Figure 5. Left: The adaptation results from Sim10K to Foggy-Cityscapes. Right: The adaptation result from Sim10K to Rainy-Cityscapes. The vertical and horizontal axis represents overall performance (mAP) and different datasets (domains).

5.4. Ablation Study

5.4.1. Two-Stage Training Strategy

To verify the impact of the “Recall” stage, when we obtain model M_k−1 adapted from the source domain D^S to the last target domain $D_{k - 1}^{T}$ , we directly generate pseudo labels of $D_{1}^{T}$ , combine it with D^S as a new source domain and adapt toward $D_{k}^{T}$ . In Table 2, the sharp performance declines (2.6 and 3.5 on Foggy-Cityscapes and Rainy-Cityscapes, respectively) show that mere single-stage adapting from a mixed source domain to the new target domain degrades the performance on both previous and new target domains. It thereby proves that two stages play an integral role in further avoiding catastrophic forgetting and utilizing the ground-truth source domain to support the transfer of knowledge. Moreover, in the last line of the Table 2, we also compare the results with “Domain-Mix” or without “Domain-Mix.” The comparison results (degrading 1.9 and 2.7 on Foggy-Cityscapes and Rainy-Cityscapes) indicate that “Domain-Mix” contributes to generating refined pseudo labels of the last target domain. Without “Domain-Mix,” the training process of the “Adapt” stage can only adopt coarse pseudo labels with a tremendous amount of noise.

TABLE 2

Table 2. Ablation study results on “Diverse Weathers” adaptation.

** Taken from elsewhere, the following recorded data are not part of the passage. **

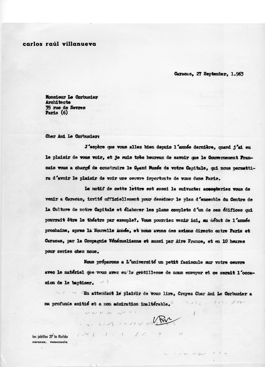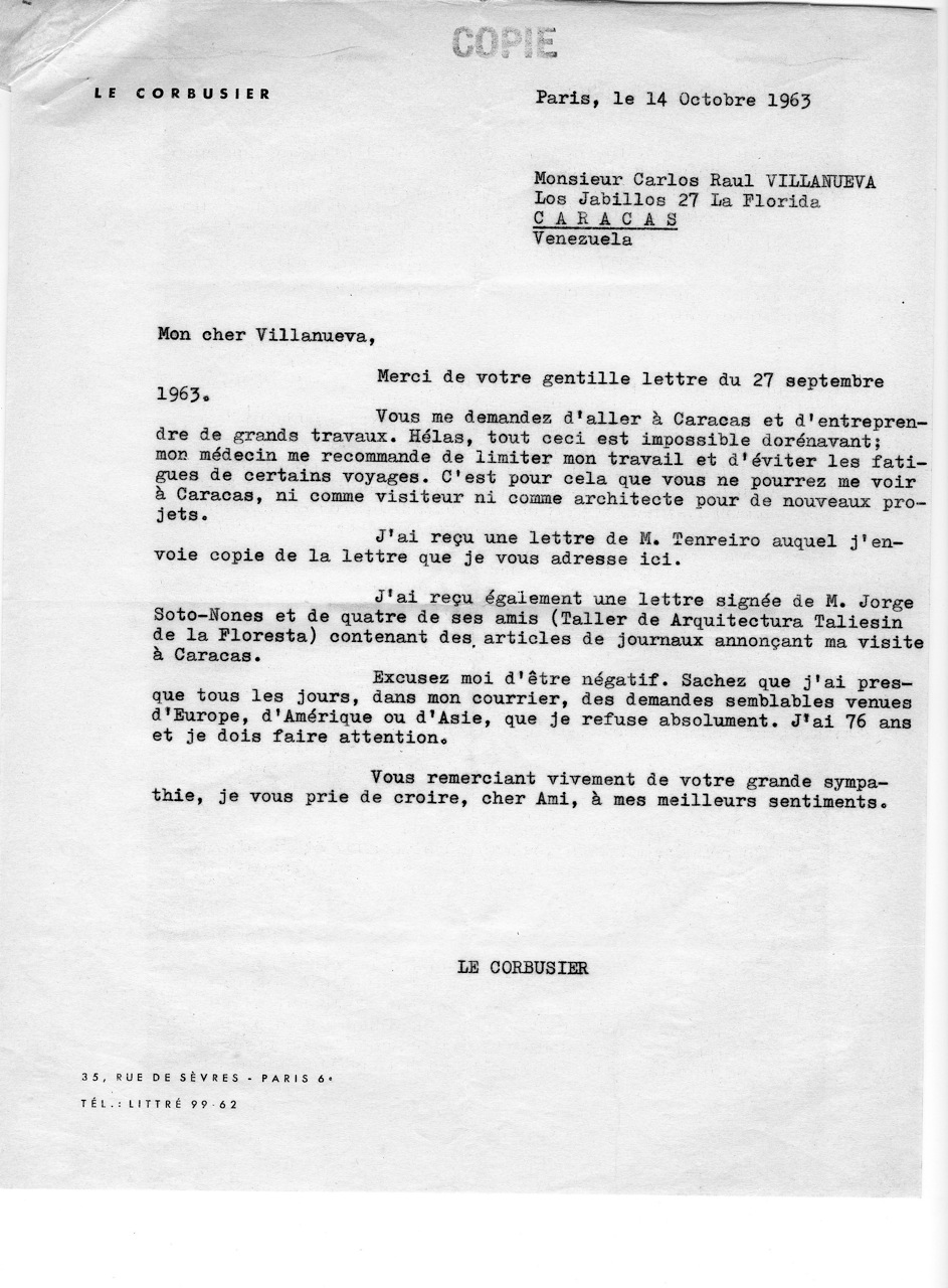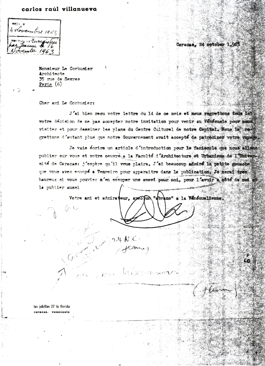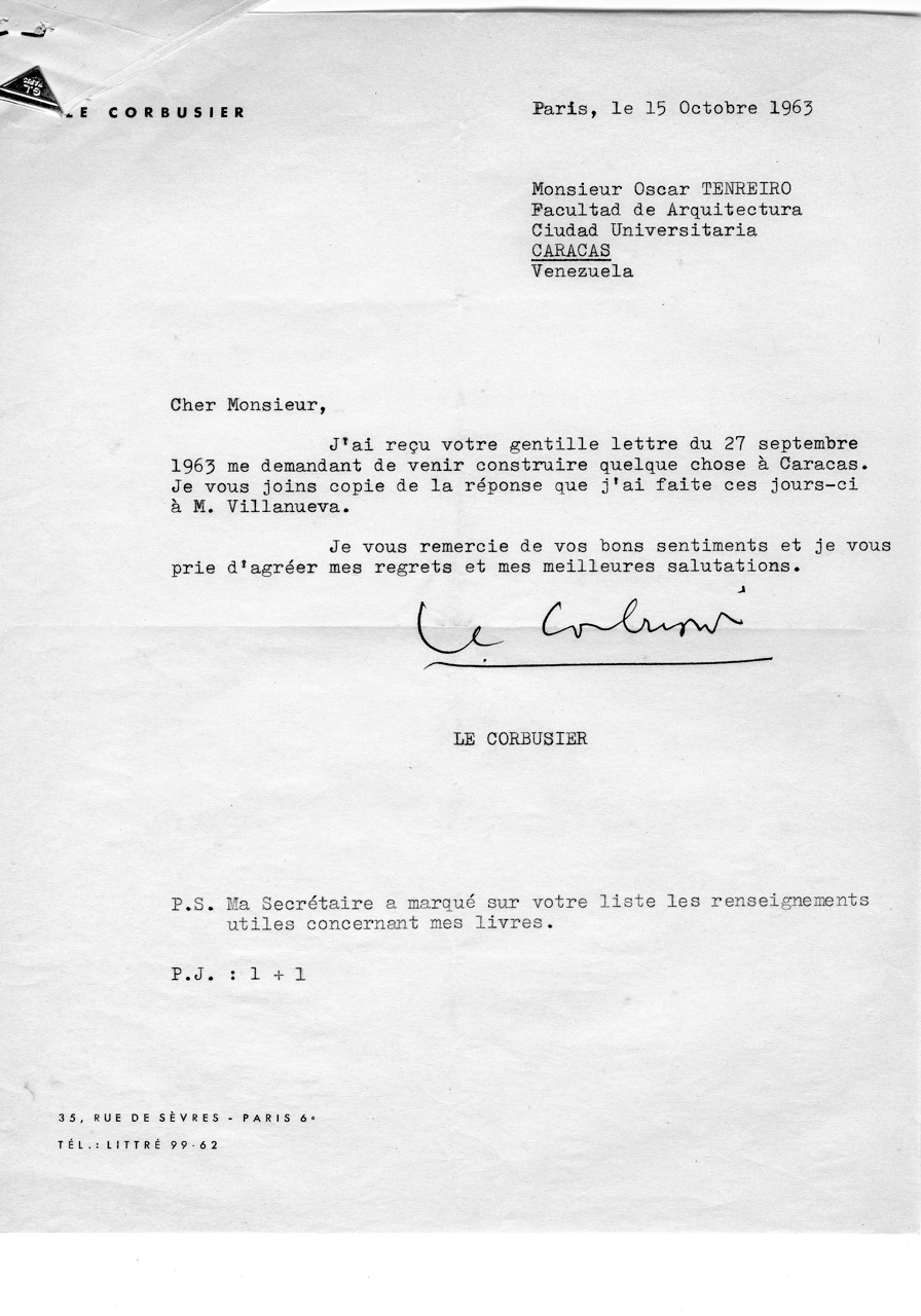 En esa reunión se acordó que Villanueva le escribiera de inmediato a Corbusier para consultarle la posibilidad de aceptación a la invitación. Él lo aceptó de muy buen grado y así lo hizo en carta fechada el 27 de Septiembre. Ese mismo día, estimulado por los contactos anteriores, también yo le escribí de modo más informal (a mano y con unas cuantas tachaduras) ampliando el alcance de lo que se le ofrecía y extendiéndome en otras consideraciones sobre el posible impacto de su visita. Y como yo venía siendo de hecho algo así como el secretario ejecutivo del grupo, me pidieron que preparara una semblanza de Le Corbusier que sirviera de fundamento a la audiencia con Oropeza Castillo.
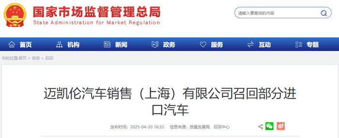 迈凯伦汽车销售(上海)有限公司召回部分进口汽车
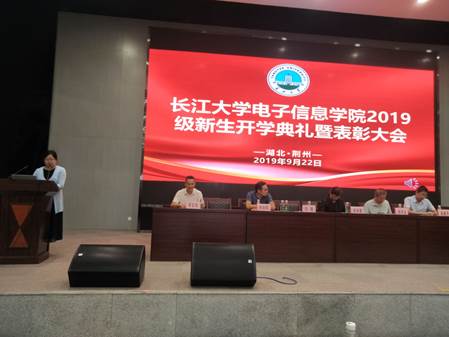 通讯员(陈荣)2019年9月22日15:00~18:00,天游ty8线路检测中心登录2019级新生开学典礼暨军训表彰大会于农科大楼1058报告厅成功举行。院长孙祥娥教授、党委书记刘逸、党委副书记郭启炜、电子信息系主任邹学玉教授、仪器系主任吴爱平副教授、电气系主任杨旭辉副教授及2019级全体本科生出席此次会议。会议由郭启炜副书记主持。
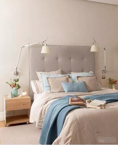 卧室中延续了这间公寓的色彩元素,连床头都采用布艺包裹,可谓给家具“全副武装”的过冬做好准备。

5.4.2. Applicability to Other Domain Adaptation Methods

We consider “HTCN” (Chen et al., 2020) without interpolation while other settings remain the same as in Chen et al. (2020). From Table 2, it can be observed that HTCN with our proposed domain-incremental framework has a comprehensive optimum performance (35.5 on Foggy-Cityscapes and 38.5 on Rainy-Cityscapes) than other incremental-learning approaches. Although PFT gains 35.7 on the previous target domain (Foggy-Cityscapes) which is a little better than our methods, it remains a really poor performance on the new target domain (35.8 on Rainy-Cityscapes) due to inaccurate pseudo labels from Foggy-Cityscapes. Generally, ILB obtains the second-best accuracy on two target domains (34.7 on Foggy-Cityscapes and 37.5 on Rainy-Cityscapes). In a word, our proposed domain-incremental learning framework can acquire a state-of-the-art accuracy, no matter what the single-step domain adaptation algorithm is adopted.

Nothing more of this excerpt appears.